(Data extracts Opens)

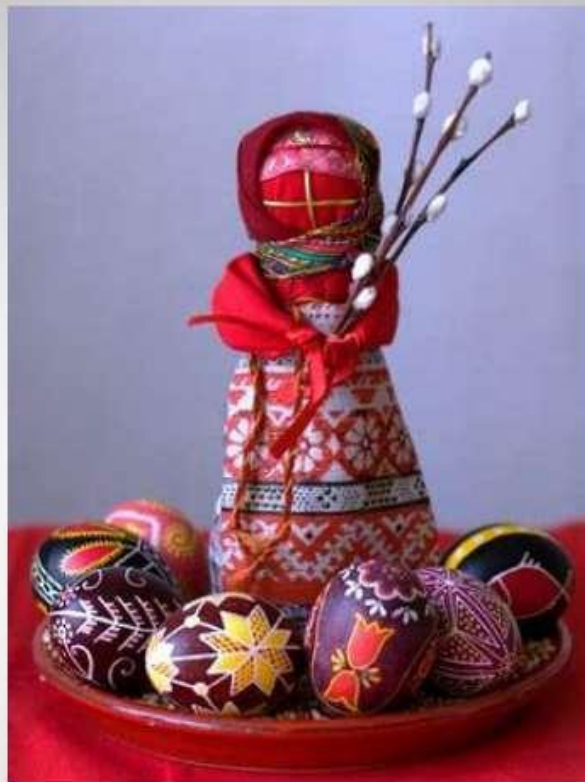
Кукла - Пасха
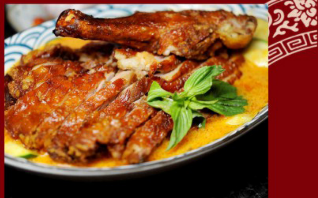
70 红咖喱鸭 Red Curry Duck Canard au curry rouge 35/30(big/small)

图片仅供参考·所有菜品以最终实物为准 Pictures are for reference only to all the dishes in the end in kind
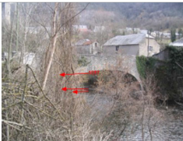
Repère de la crue de 1897

Altitude calculée de l'eau (en m) : 571.51 m

(Data extracts Closes)

_Task brief_: What is needed here is an exact transcription of every record above, with images excluded.

_Problem solution_:
Кукла - Пасха
70 红咖喱鸭 Red Curry Duck Canard au curry rouge 35/30(big/small)

图片仅供参考·所有菜品以最终实物为准 Pictures are for reference only to all the dishes in the end in kind
Repère de la crue de 1897

Altitude calculée de l'eau (en m) : 571.51 m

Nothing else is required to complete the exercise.